初めての委託は上々の結果で終わりましたが、いつもうまくいくとは限らないことは、その後、さまざまな形で外部スタッフと仕事をするうちに、だんだんと分かってきました。
仕事ぶりがこちらの意図とズレている場合や、不誠実な態度をとる場合は、厳しく対応します。甘い対応では、望んだ成果が得られないからです。そんなときに厳しい態度をとるためにも、こちらがプロデューサーの役割をきちんと果たしておくことが大事です。
初めての編集委託の場合、スタートからゴールまでの一連の流れの中で、プロデューサーが担った役割、そして大事だと思ったポイントはこんな感じでした。

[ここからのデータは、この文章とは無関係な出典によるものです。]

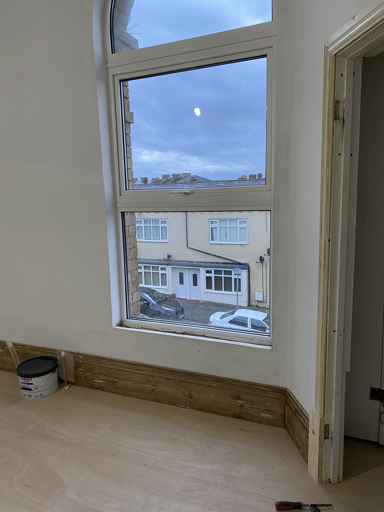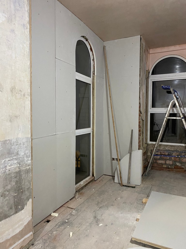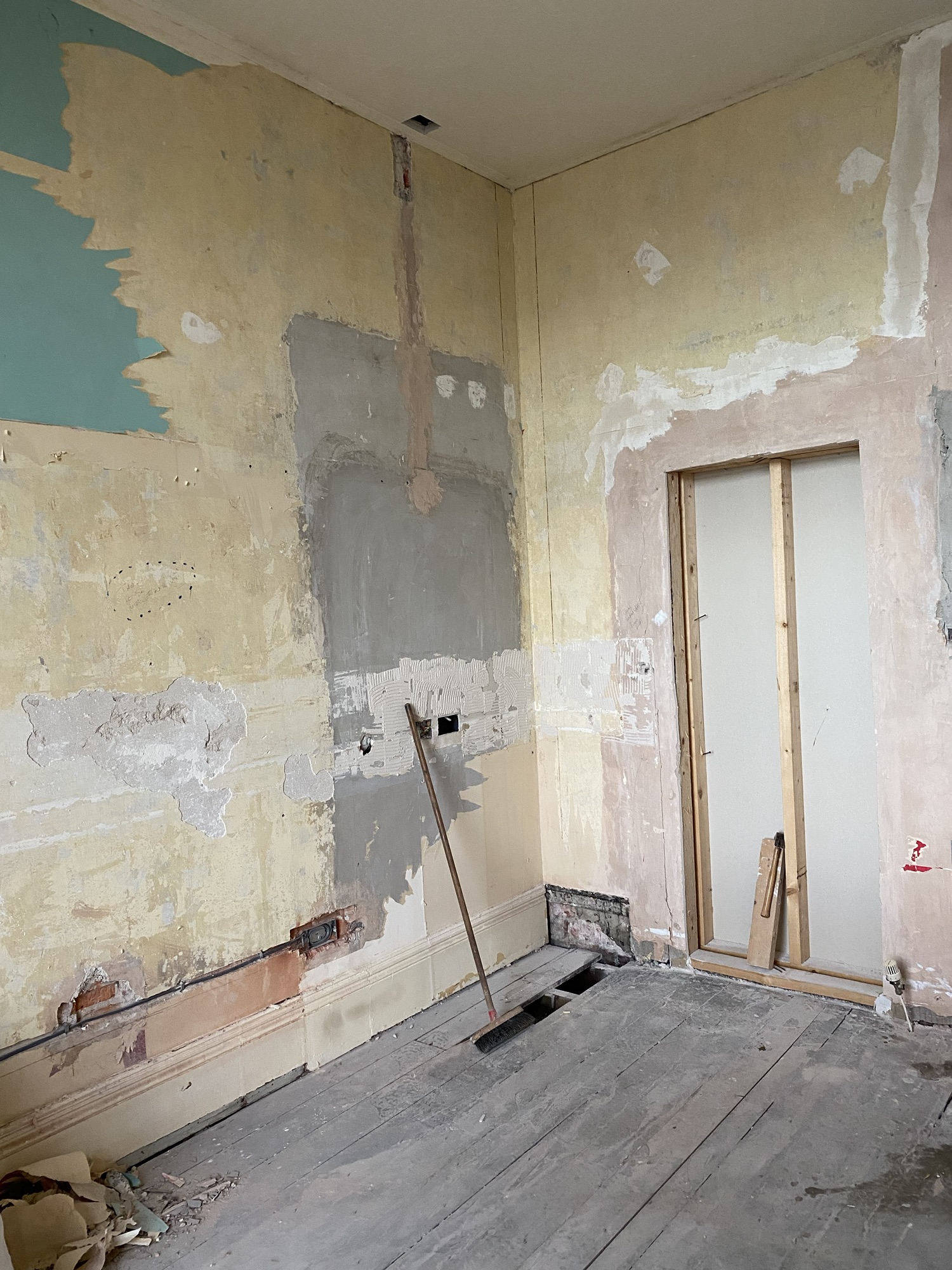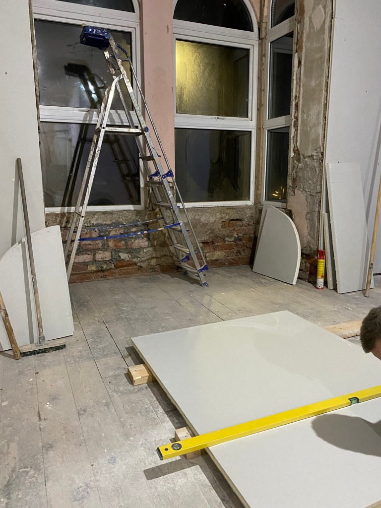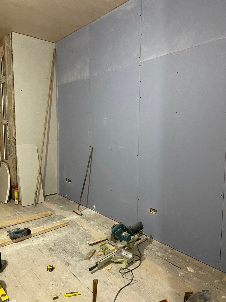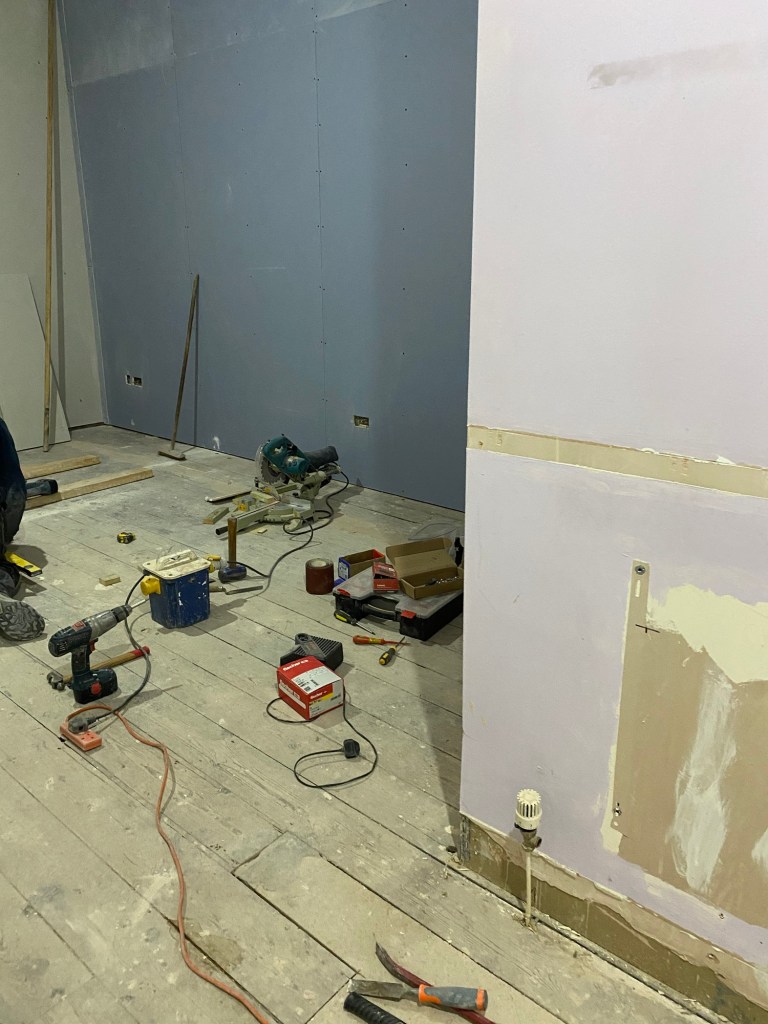 The rest of the room will be worked on today. Tiles are now removed, though a lot just fell off as soon as you touched them. All walls and ceiling will be boarded for a smooth insulated finish ready for plastering. We will complete taking out two doorways to make one large room.

(1)「0から1」を産み出すこと。つまりなぜ、何をやるか、を決めること
(2)予算を獲得すること(管理すること)
(3)企画を実現できるチームをつくること
(4)スタッフに、目指すゴールや共有すべき情報(期限や役割分担など)を伝えること
(5)スタッフが働きやすいように、地ならしやお膳立てをすること
(6)チームやスタッフが問題に突き当たった時に、判断し対応を決めること
(7)何よりも結果にコミットすること

(5)の地ならしやお膳立てというのは、取材先に前もって連絡して、スタッフができるだけスムーズに動けるようにしておくことです。どこまでするかはケース・バイ・ケースですが、プロデューサーはチームをリードすると同時に、こういう“下働き”をすることも大事です。それによってスタッフとの信頼関係が強くなるからです。前々回でお話ししたテレビドラマのプロデューサーの言葉「下働きみたいなもんですよ」はまさしくこのことなんだな、と実感しました。

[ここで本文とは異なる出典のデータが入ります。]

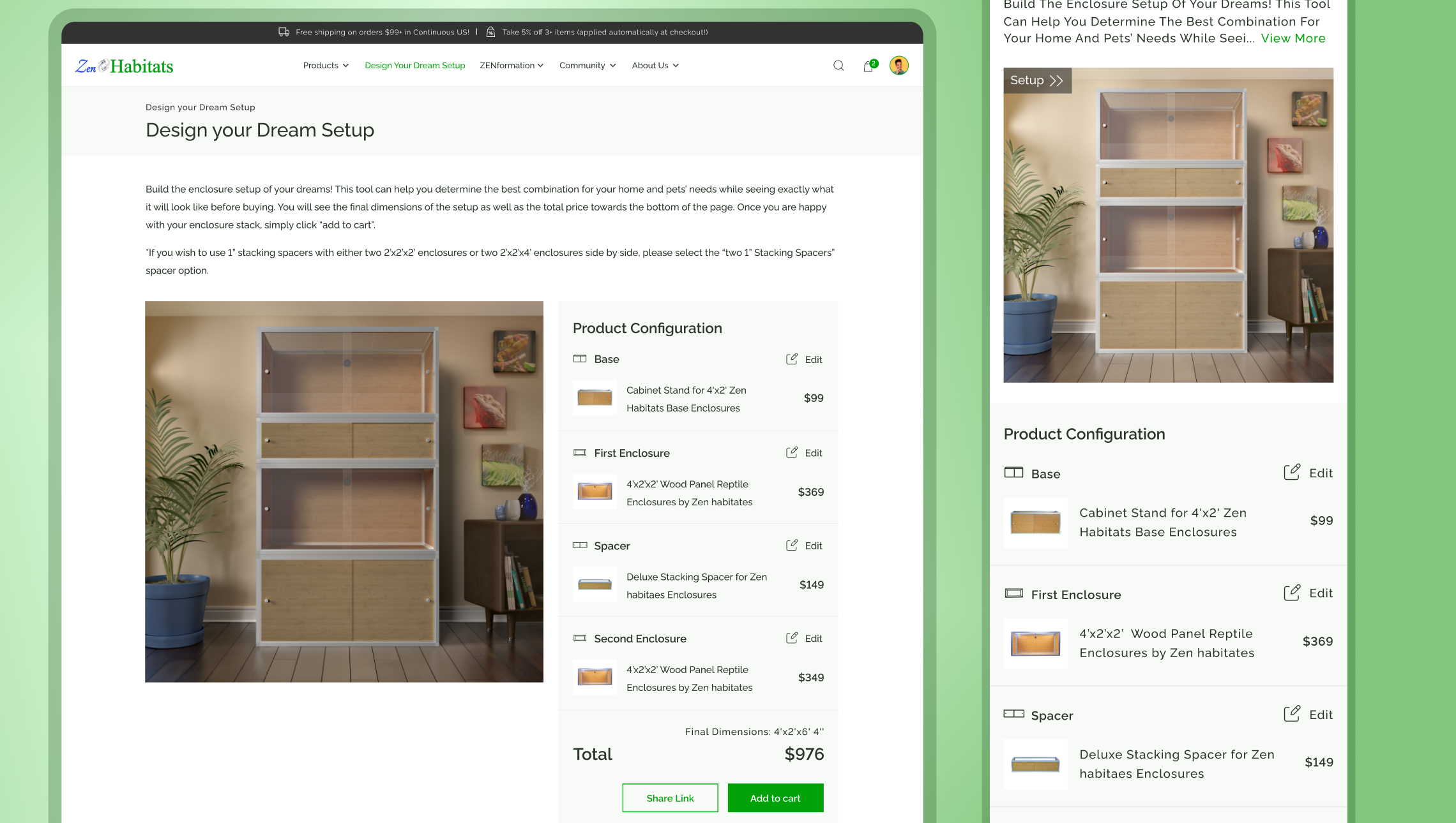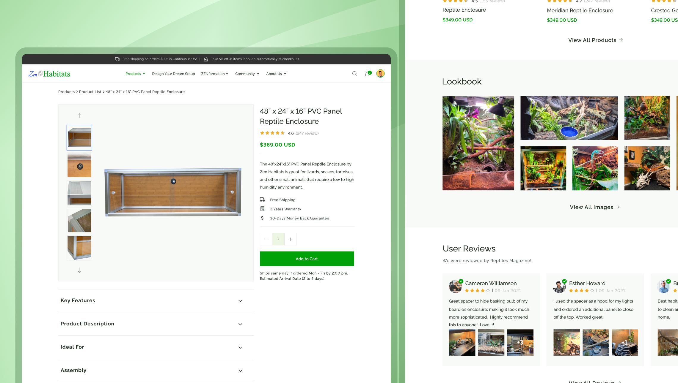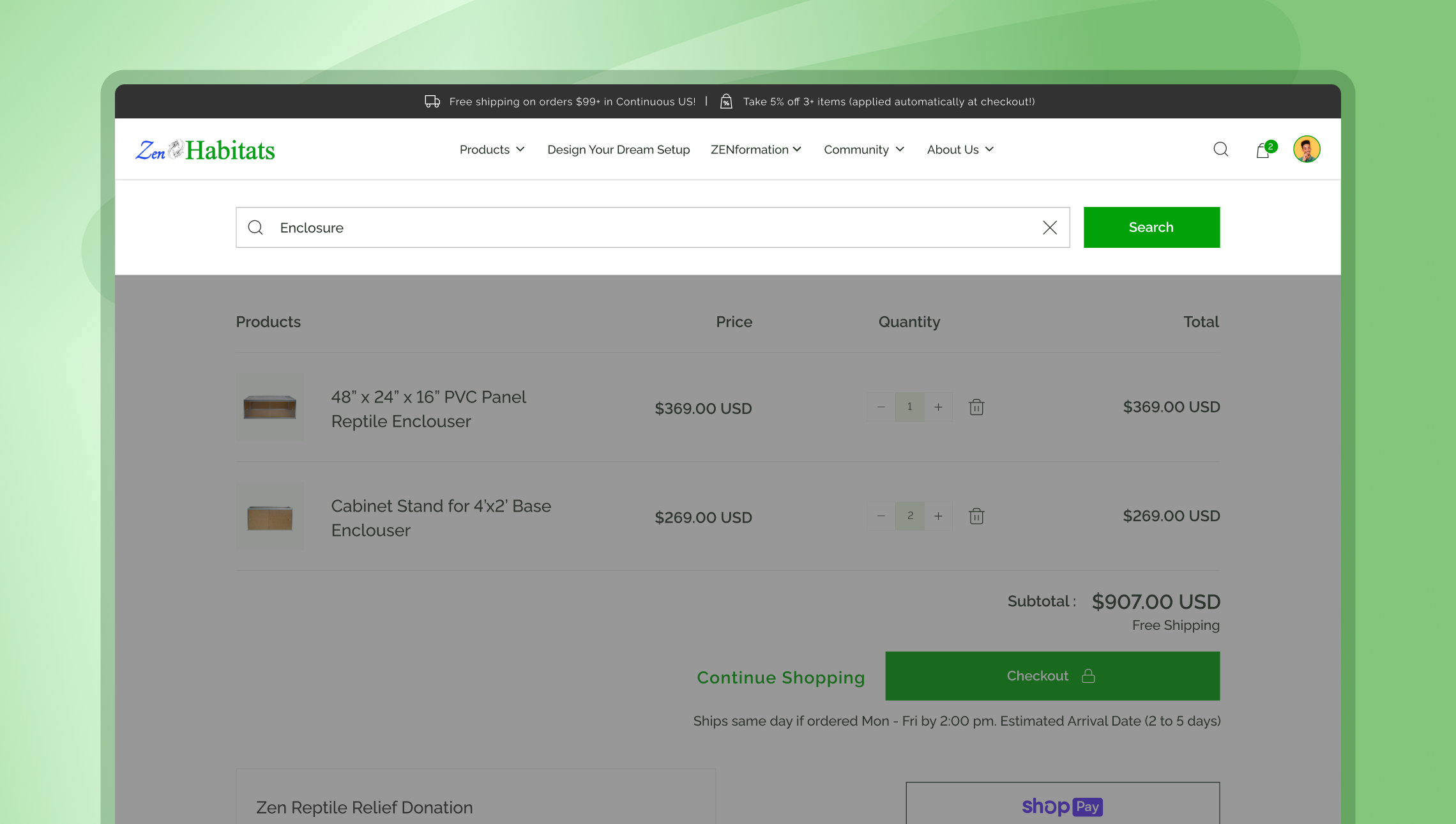 Zen Habitats is a leading manufacturer and seller of affordable reptile enclosures. In addition to creating healthy indoor habitats for reptiles, they also provide expert information and resources for reptile owners and enthusiasts. With 1000+ products spread across multiple SKUs, the client had initially set up an online store using Shopify but had to find a way to overcome issues with the online store.

その後、職員と市長を経験する中で、私が何度も実感し、そのたびに強く確信するようになってきたことがあります。それは、どんなチームでも、チームである限り、ベースに必要なのは“信頼とリスペクト”だということです。それは、メンバーがのびのび力を発揮する土壌になります。「貢献しよう」という思いや、足りないところを補い合おうとする気持ちにつながります。何といっても、信頼とリスペクトがあれば、少々の困難は力を合わせて乗り越えていくことができますが、それがないと、何でもないようなことでつまずいたりチームの空気が悪くなったりしてしまいます。
信頼とリスペクト――。初めての委託への挑戦は、その大事さを体と心に強く刻んでくれた体験でもありました。

 

 

執筆者紹介
田上 富久(たうえ とみひさ)

1956年長崎県岐宿町(現・五島市)生まれ。80年長崎市役所入庁。26年7か月の職員時代のうち13年6か月が広報担当。2007年4月長崎市長就任。23年4月まで4期16年務め、その間、長崎県市長会会長、九州市長会会長のほか、被爆都市の市長として、日本非核宣言自治体協議会会長、平和首長会議副会長などを務める。好きな言葉は「一隅を照らす」「人間万事塞翁が馬」。現在は、長崎地域力研究所代表などを務める。